# Surf fishing setup... Newbie



## Gatorguz87 (May 8, 2013)

I'm new to saltwater fishing, and have been mostly fishing on NAS. I picked up a 12ft tsunami tuff tip surf rod, and a penn sargus sg6000 with 40# power pro braided. Is this a decent setup? Any advice on my setup or surf fishing in general would be awesome! Thanks.


----------



## seejay (May 10, 2009)

Welcome gator. I'd start with either a Carolina rig or a single drop line using live or fresh dead shrimp for the surf. # 1 or 2 circle hooks are a great start as well as some gotcha or spoons if you don't want to soak bait. Lots of information from a lot of experienced people, I'm not one of them....yet. Pyramid sinkers are your friend and get various sizes 1-4 oz depending on the surf. I've never used more than 2 but that's just me. Lots of information on youtube regarding the various rigs. You'll find that this "rabbit hole" gets larger and more addicting the more you learn.
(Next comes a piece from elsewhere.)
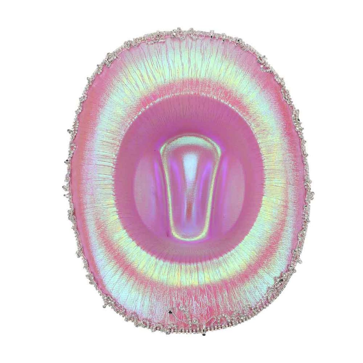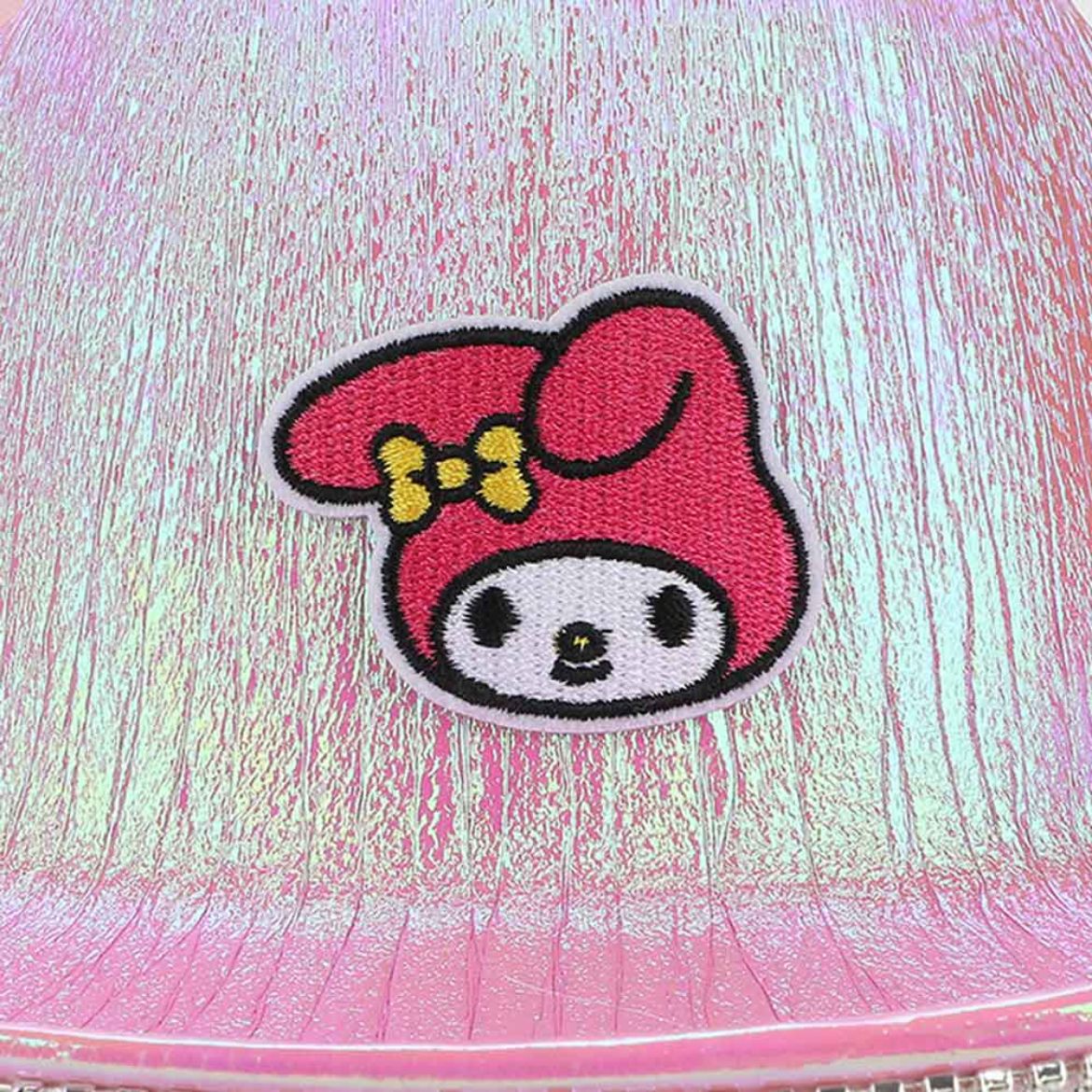 Grab your hat and let’s ride off into the sunset! This one-of-a-kind, pink iridescent cowboy hat is decorated with the prettiest rhinestone dangle trim and playful design perfectly suited for fans of sweet, My Melody!

Start with one set up and you'll soon find you need 3 more. Good luck and tight lines.
cj


----------



## Gatorguz87 (May 8, 2013)

Thank you for the info. I've been using pyramid weights with double drop lines and live shrimp. Some people have told me my line weight was too much for surf and also too dark... One of the reasons I asked about my set up. I've been catching sheepshead and pompano on base so far and yes I'm already getting addicted!


----------